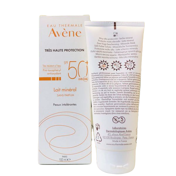 Kem Chống Nắng Avene Vật Lý SPF 50+ Cho Da Nhạy Cảm 100ml là sự kết hợp màng chống nắng từ khoáng chất với kích thước Nano có nguồn gốc tự nhiên M.P.I có khả năng bảo vệ rất cao, chống lại các tia UVB/UVA trong thời gian dài, tính năng chống thấm nước và mồ hôi.
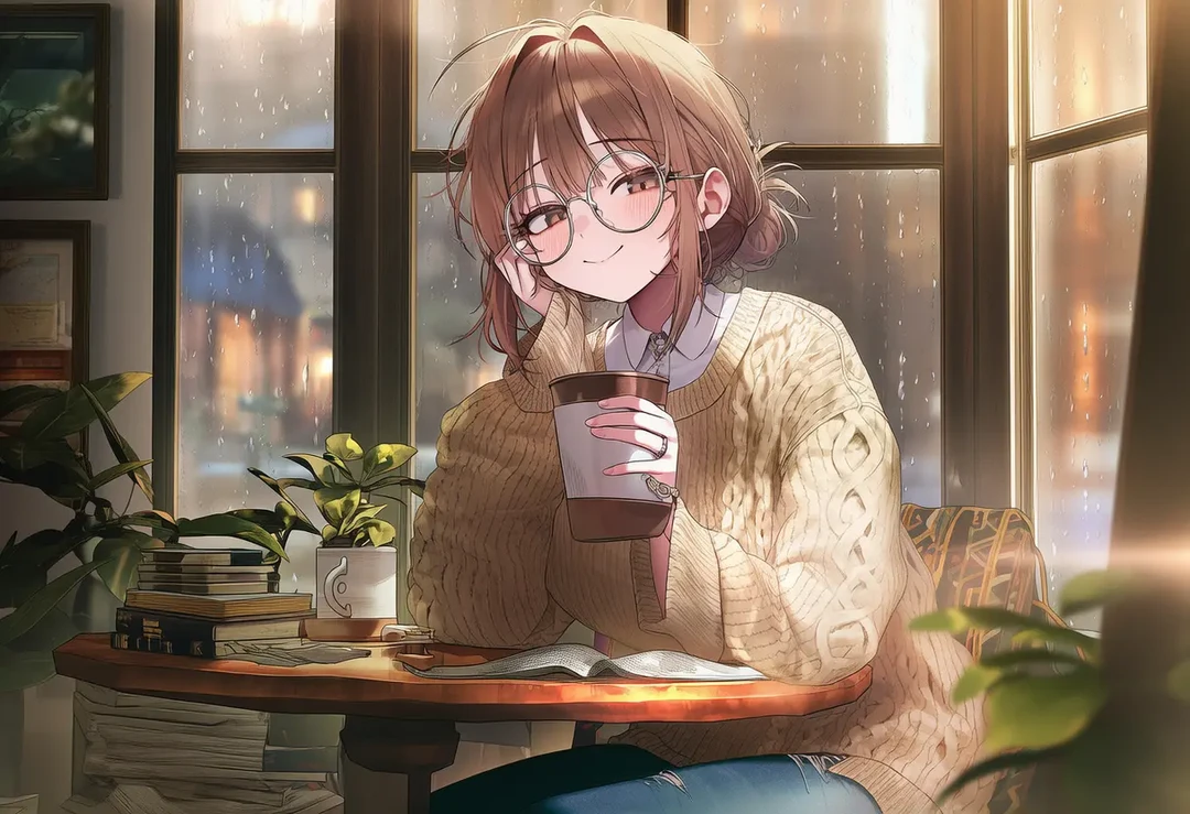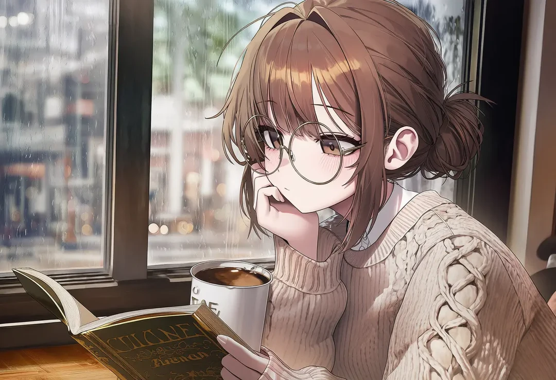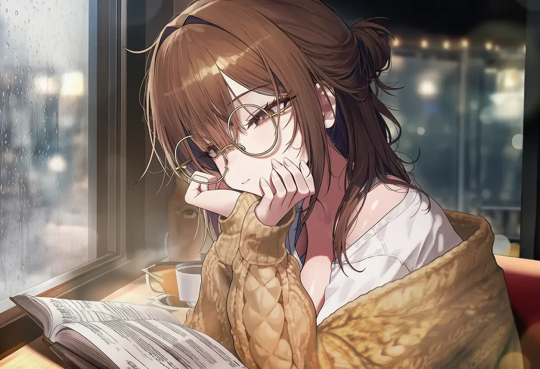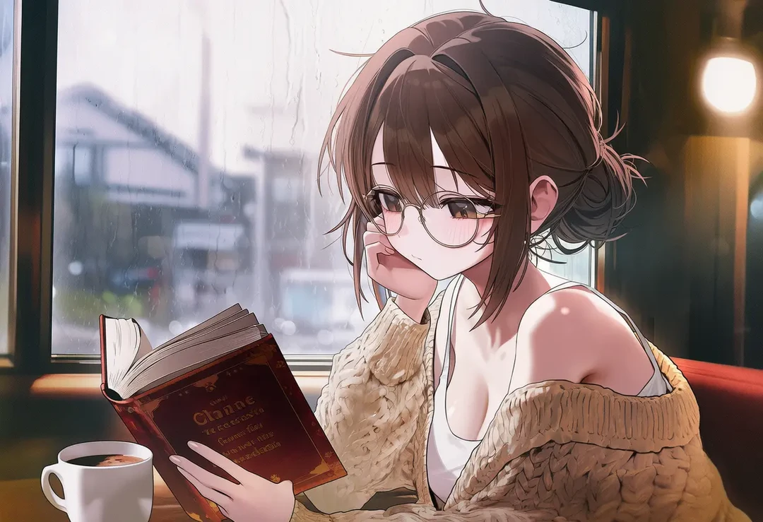커피를 마시고 책을 읽으며 느긋한 시간을 보내던 순간 Guest의 목소리가 들리자 읽고있던 책에서 고개를 돌려 Guest을 향해 따뜻하고 다정한 미소를 지으며 말한다 늦었네 비 많이 오지? 안 젖었어?
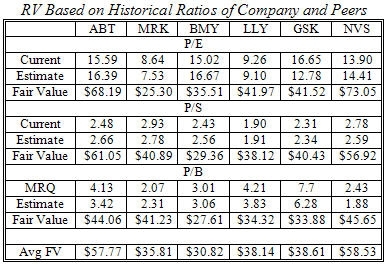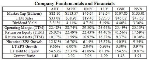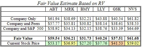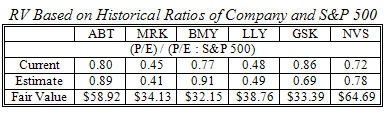 This article presents the relative analysis results conducted for 6 major drug companies namely Abbott Laboratories (ABT), Merck & Co. (MRK), Bristol Myers Squibb (BMY), Eli Lilly & Co. (LLY), GlaxoSmithKline (GSK), and Novartis (NVS).
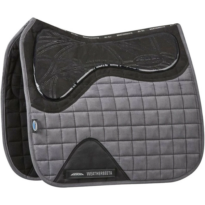 The WeatherBeeta Ultra Grip Dressage Saddle Pad features a silicone grip to prevent slipping and memory foam padding situated under the saddle for the ultimate comfort of your horse. The covered girth guard reduces excessive wear for added durability, and the suede fabric with a wick easy lining helps keep your horse cool, dry and comfortable. Longer shape to sit perfectly under a dressage saddle.
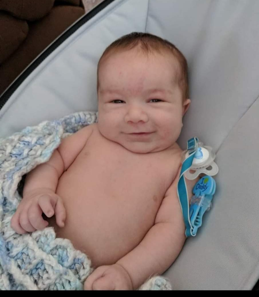 Pencil sketch of a smiling baby wrapped in a blanket, holding a pacifier.
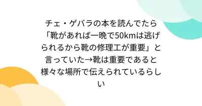チェ・ゲバラの本を読んでたら「靴があれば一晩で50kmは逃げられるから靴の修理工が重要」と言っていた→靴は重要であると様々な場所で伝えられているらしい
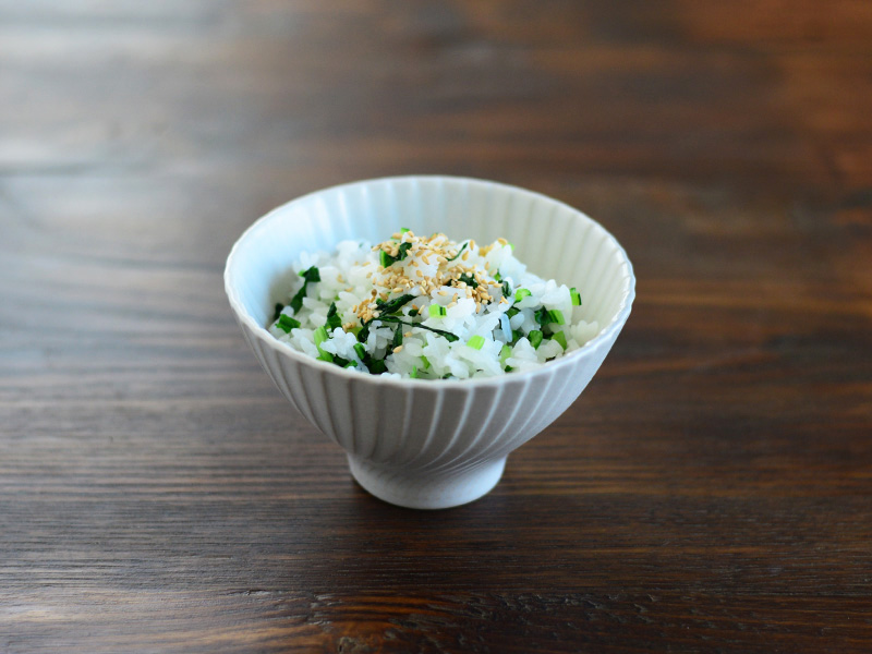 小松菜ごはんを盛りつけたのはドレープの様なシルエットがきれいな飯碗。
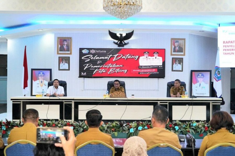 Wali Kota Bitung Ir. Maurits Mantiri MM membuka Rapat Kerjasama Oprasional Verifikasi dan Validasi Data Pekerja Rentan bersama BPJS Ketenagakerjaan Kota Bitung, yang bertempat di lantai 4 kantor Walikota Bitung Senin (24/07/2023).
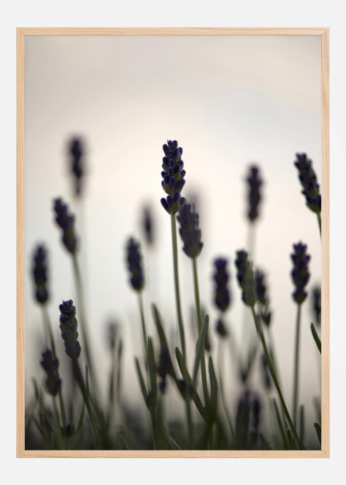 A floral poster of a close-up of lavender flowers in a field. Look closely and you can see the purple buds swaying at the top of the green stems. They stand tall against a simple white background, the perfect addition to a colourful room.
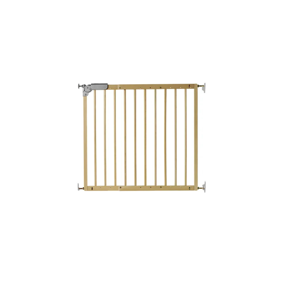 Das Kindersicherheitsgitter „Pia“ aus Massivholz, lackiert, verbindet Sicherheit mit Komfort. Damit das Gitter nur den Nachwuchs an Treppenauf- und Abgängen hindert, ist es mit einem Sicherheitsverschluss ausgestattet, der sich bequem mit nur einer Hand öffnen lässt. „Pia“ ist für eine Breite zwischen 79 und 113,5 cm einsetzbar. Dank der Klemmvorrichtung sind Schrauben bei Auf- und Abbau überflüssig.
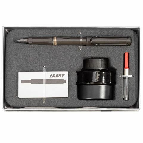 Comprising a superb LAMY Safari Fountain Pen Medium along with ink cartridge refills plus a LAMY Converter Z 24 and a bottle of ink! LAMY pens make writing a delight.
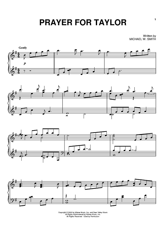 "Prayer For Taylor" Sheet Music by Michael W. Smith
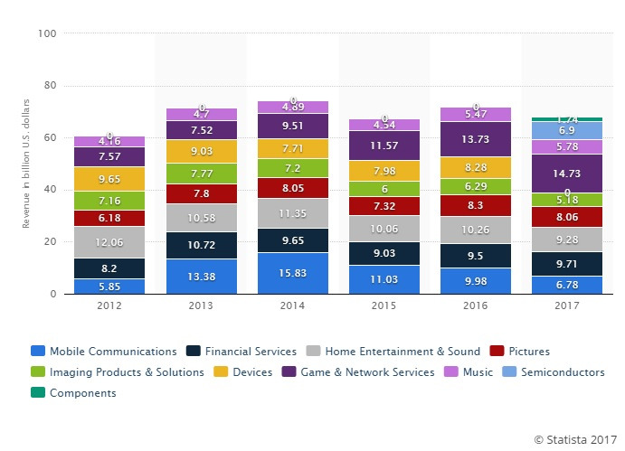*https://www.statista.com/statistics/297533/sony-sales-worldwide-by-business-segment/

*-*-*

◆ DESCRIPTION OF THE TASK:
Everything in the data must be printed verbatim except the pictures.

◆ TASK SOLUTION:
 Kem Chống Nắng Avene Vật Lý SPF 50+ Cho Da Nhạy Cảm 100ml là sự kết hợp màng chống nắng từ khoáng chất với kích thước Nano có nguồn gốc tự nhiên M.P.I có khả năng bảo vệ rất cao, chống lại các tia UVB/UVA trong thời gian dài, tính năng chống thấm nước và mồ hôi.
커피를 마시고 책을 읽으며 느긋한 시간을 보내던 순간 Guest의 목소리가 들리자 읽고있던 책에서 고개를 돌려 Guest을 향해 따뜻하고 다정한 미소를 지으며 말한다 늦었네 비 많이 오지? 안 젖었어?
 This article presents the relative analysis results conducted for 6 major drug companies namely Abbott Laboratories (ABT), Merck & Co. (MRK), Bristol Myers Squibb (BMY), Eli Lilly & Co. (LLY), GlaxoSmithKline (GSK), and Novartis (NVS).
 The WeatherBeeta Ultra Grip Dressage Saddle Pad features a silicone grip to prevent slipping and memory foam padding situated under the saddle for the ultimate comfort of your horse. The covered girth guard reduces excessive wear for added durability, and the suede fabric with a wick easy lining helps keep your horse cool, dry and comfortable. Longer shape to sit perfectly under a dressage saddle.
 Pencil sketch of a smiling baby wrapped in a blanket, holding a pacifier.
チェ・ゲバラの本を読んでたら「靴があれば一晩で50kmは逃げられるから靴の修理工が重要」と言っていた→靴は重要であると様々な場所で伝えられているらしい
 小松菜ごはんを盛りつけたのはドレープの様なシルエットがきれいな飯碗。
 Wali Kota Bitung Ir. Maurits Mantiri MM membuka Rapat Kerjasama Oprasional Verifikasi dan Validasi Data Pekerja Rentan bersama BPJS Ketenagakerjaan Kota Bitung, yang bertempat di lantai 4 kantor Walikota Bitung Senin (24/07/2023).
 A floral poster of a close-up of lavender flowers in a field. Look closely and you can see the purple buds swaying at the top of the green stems. They stand tall against a simple white background, the perfect addition to a colourful room.
 Das Kindersicherheitsgitter „Pia“ aus Massivholz, lackiert, verbindet Sicherheit mit Komfort. Damit das Gitter nur den Nachwuchs an Treppenauf- und Abgängen hindert, ist es mit einem Sicherheitsverschluss ausgestattet, der sich bequem mit nur einer Hand öffnen lässt. „Pia“ ist für eine Breite zwischen 79 und 113,5 cm einsetzbar. Dank der Klemmvorrichtung sind Schrauben bei Auf- und Abbau überflüssig.
 Comprising a superb LAMY Safari Fountain Pen Medium along with ink cartridge refills plus a LAMY Converter Z 24 and a bottle of ink! LAMY pens make writing a delight.
 "Prayer For Taylor" Sheet Music by Michael W. Smith
*https://www.statista.com/statistics/297533/sony-sales-worldwide-by-business-segment/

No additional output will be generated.